If self.time_major == True, the tensors in trajectory are assumed to have shape [time, batch, ...]. Otherwise they are assumed to have shape [batch, time, ...].

Args
trajectory The Trajectory to run against. If the replay class was created with time_major=True, then the tensors in trajectory must be shaped [time, batch, ...]. Otherwise they must be shaped [batch, time, ...].
policy_state (optional) A nest Tensor with initial step policy state.

Returns
output_actions A nest of the actions that the policy took. If the replay class was created with time_major=True, then the tensors here will be shaped [time, batch, ...]. Otherwise they'll be shaped [batch, time, ...].
output_policy_info A nest of the policy info that the policy emitted.
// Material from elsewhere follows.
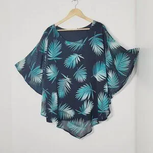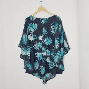 Women's Black Teal Leaf Print Cap Sleeves Tank Top Underneath Blouse Plus Size
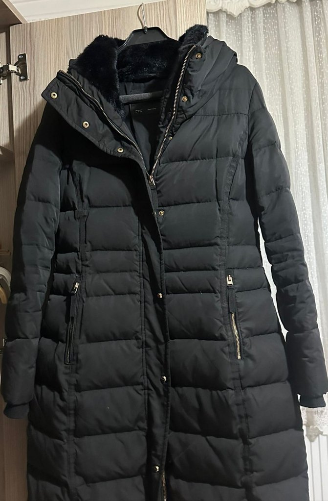 Fitted kesim siyah kışlık mont, kürklü detaylı ve yakası notched lapel. Strappy kollu, yumuşak ve sıcak kumaştan, günlük kullanıma uygun rahat bir streetwear tarzı sunar. ❄️

If the replay class was created with time_major=True, then the tensors here will be shaped [time, batch, ...]. Otherwise they'll be shaped [batch, time, ...].
policy_state A nest Tensor with final step policy state.

Raises
TypeError If policy_state structure doesn't match self.policy.policy_state_spec, or trajectory structure doesn't match self.policy.trajectory_spec.
ValueError If policy_state doesn't match self.policy.policy_state_spec, or trajectory structure doesn't match self.policy.trajectory_spec.
ValueError If trajectory lacks two outer dims.